Soruda söz konusu edilen kelime mealde “sokulma” olarak ifade edilen  “LE- EVDAÛ” fiilidir. Yazıda bitişik yazılan bu kelimenin aslı  َل َأَوْضَعُوا  dur. Ancak kural olarak Arapçada bunlar yukarıda geçtiği şekilde bitişik olarak yazılır. Bu kelimenin başındaki “L” harfi bir tekit edadır. Olumsuzluk ifade eden “LA” edatı ile hiç bir ilişkisi yoktur.  Zaten kural olarak “LA” edatı mazi/geçmiş haldeki fiilin başında yer almaz.

- Ali İmran suresinin 167. ayetinin meali ve Arapça metni şöyledir:

“Ve iki yüzlülük edenleri bilsin (ortaya çıkarsın). Onlara: ‘Gelin, Allâh yolunda savaşın, ya da savunun.’ dendiği halde: 'Eğer savaş (olacağını) bilseydik, sizinle gelirdik.' dediler. Onlar, o gün, imandan çok küfre yakın idiler. Ağızlarıyla, kalblerinde olmayanı söylüyorlar. Halbuki Allâh, içlerinde sakladıkları şeyi çok iyi bilmektedir.”

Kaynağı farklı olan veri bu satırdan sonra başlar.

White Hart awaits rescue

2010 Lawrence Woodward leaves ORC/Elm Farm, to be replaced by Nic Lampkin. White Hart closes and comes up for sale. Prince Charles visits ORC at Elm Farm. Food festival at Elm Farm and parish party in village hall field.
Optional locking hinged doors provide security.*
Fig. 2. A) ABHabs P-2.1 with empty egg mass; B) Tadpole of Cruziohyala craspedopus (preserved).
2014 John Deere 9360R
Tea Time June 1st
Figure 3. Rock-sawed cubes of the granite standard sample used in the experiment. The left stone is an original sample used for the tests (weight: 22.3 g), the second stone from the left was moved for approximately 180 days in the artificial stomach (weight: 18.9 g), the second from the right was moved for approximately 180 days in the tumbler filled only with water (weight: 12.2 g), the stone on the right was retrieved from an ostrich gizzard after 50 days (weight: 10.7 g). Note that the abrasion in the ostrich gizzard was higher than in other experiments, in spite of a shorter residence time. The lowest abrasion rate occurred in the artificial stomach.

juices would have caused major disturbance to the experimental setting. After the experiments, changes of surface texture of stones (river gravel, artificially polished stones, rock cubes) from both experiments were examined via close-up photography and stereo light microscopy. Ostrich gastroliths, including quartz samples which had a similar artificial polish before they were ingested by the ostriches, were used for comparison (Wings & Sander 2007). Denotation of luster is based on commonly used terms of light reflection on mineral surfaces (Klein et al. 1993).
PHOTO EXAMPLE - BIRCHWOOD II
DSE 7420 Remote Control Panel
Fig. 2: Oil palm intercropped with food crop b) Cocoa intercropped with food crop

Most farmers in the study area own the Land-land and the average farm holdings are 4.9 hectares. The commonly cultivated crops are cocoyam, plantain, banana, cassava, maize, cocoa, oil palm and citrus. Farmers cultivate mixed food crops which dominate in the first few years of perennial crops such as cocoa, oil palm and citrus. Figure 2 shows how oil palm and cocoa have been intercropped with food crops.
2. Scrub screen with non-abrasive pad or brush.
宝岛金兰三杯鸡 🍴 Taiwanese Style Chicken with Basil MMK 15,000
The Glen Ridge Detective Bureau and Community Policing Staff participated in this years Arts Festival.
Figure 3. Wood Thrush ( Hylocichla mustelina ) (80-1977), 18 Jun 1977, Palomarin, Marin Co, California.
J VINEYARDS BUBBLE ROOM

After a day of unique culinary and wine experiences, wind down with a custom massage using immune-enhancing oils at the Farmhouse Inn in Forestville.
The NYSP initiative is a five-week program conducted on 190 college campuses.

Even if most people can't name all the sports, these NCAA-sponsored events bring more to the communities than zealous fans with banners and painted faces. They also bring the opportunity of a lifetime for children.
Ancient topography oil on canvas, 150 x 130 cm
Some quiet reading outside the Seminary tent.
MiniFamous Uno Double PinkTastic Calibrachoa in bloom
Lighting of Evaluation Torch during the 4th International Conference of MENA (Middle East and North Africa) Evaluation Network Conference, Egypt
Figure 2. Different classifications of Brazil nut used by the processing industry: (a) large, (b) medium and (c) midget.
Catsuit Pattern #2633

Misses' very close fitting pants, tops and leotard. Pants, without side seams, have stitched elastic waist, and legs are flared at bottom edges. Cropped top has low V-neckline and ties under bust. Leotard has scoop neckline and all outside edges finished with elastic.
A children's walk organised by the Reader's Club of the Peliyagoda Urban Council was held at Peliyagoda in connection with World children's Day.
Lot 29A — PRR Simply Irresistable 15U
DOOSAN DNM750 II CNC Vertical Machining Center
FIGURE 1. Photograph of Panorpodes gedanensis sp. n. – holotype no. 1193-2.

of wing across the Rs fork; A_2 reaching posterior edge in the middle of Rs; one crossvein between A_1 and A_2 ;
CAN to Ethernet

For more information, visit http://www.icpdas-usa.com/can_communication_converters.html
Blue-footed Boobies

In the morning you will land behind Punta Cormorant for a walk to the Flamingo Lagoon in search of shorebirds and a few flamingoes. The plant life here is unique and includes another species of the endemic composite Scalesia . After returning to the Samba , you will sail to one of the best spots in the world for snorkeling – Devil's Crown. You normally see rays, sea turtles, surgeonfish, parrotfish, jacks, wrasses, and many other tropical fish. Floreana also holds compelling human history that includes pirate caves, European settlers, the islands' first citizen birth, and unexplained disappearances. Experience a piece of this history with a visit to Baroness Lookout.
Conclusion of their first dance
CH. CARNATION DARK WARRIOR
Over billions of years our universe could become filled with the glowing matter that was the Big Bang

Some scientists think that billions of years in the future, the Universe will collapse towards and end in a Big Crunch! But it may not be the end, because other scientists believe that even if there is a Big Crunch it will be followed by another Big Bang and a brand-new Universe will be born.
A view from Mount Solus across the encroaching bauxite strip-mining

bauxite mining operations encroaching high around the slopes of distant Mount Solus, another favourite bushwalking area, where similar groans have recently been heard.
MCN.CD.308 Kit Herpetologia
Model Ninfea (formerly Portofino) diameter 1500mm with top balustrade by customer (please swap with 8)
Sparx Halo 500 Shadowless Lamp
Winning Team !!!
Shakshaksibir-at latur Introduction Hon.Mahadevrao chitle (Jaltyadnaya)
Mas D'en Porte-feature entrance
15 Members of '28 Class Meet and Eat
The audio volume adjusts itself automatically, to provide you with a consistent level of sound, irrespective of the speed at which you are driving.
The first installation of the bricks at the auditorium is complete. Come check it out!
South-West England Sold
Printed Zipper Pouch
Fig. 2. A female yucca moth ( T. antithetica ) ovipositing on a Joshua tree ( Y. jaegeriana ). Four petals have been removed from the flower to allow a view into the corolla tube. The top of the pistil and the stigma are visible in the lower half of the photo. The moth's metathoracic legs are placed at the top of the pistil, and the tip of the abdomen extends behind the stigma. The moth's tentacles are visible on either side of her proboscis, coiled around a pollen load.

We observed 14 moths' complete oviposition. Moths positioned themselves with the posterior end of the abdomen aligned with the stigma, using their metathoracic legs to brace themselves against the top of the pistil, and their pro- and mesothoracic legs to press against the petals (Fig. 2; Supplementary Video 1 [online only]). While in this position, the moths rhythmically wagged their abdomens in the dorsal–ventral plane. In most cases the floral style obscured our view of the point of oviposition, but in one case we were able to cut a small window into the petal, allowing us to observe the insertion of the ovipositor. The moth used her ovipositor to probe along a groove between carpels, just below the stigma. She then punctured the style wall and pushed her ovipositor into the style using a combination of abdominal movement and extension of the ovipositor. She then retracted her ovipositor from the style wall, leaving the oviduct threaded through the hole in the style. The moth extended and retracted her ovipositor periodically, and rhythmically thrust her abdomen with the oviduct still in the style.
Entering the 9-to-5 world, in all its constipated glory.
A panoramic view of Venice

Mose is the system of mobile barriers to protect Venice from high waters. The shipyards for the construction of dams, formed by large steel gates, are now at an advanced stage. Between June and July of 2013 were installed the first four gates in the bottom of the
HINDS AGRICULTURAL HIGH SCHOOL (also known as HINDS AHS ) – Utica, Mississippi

وَلِيَعْلَمَ الَّذِينَ نَافَقُوا وَقِيلَ لَهُمْ تَعَالَوْا قَاتِلُوا فِي سَبِيلِ اللَّهِ أَوِ ادْفَعُوا قَالُوا لَوْ نَعْلَمُ قِتَالًا لَاتَّبَعْنَاكُمْ هُمْ لِلْكُفْرِ يَوْمَئِذٍ أَقْرَبُ مِنْهُمْ لِلْإِيمَانِ يَقُولُونَ بِأَفْوَاهِهِمْ مَا لَيْسَ فِي قُلُوبِهِمْ وَاللَّهُ أَعْلَمُ بِمَا يَكْتُمُونَ

Ayette “sizinle gelirdik/size tabi olurduk” şeklinde tercüme edilebilen kelimenin Arapça aslı  لَاتَّبَعْنَاكُمْ dur.  Bu kelimenin başında bulunan Lam harfi daha önceki kelimelerde olduğu gibi, -olumsuzluk edatı değil- kesinlik ve tekidi ifade eden bir edattır. Sonun bitişen “Elif” harfi, -aslında oradaki “İtteba’naküm / َاتَّبَعْنَاكُمْ” filinin başındaki eliftir. Ancak yazılış kuralının bir gereği  olarak orada yer almıştır.

- Haşir suresinin 13. ayetinin meali ve Arapça metni şöyledir:

“Onların kalblerinde sizin korkunuz, Allâh'ınkinden fazladır. (Allah'tan çok sizden korkarlar). Böyledir, çünkü onlar anlamaz bir topluluktur.”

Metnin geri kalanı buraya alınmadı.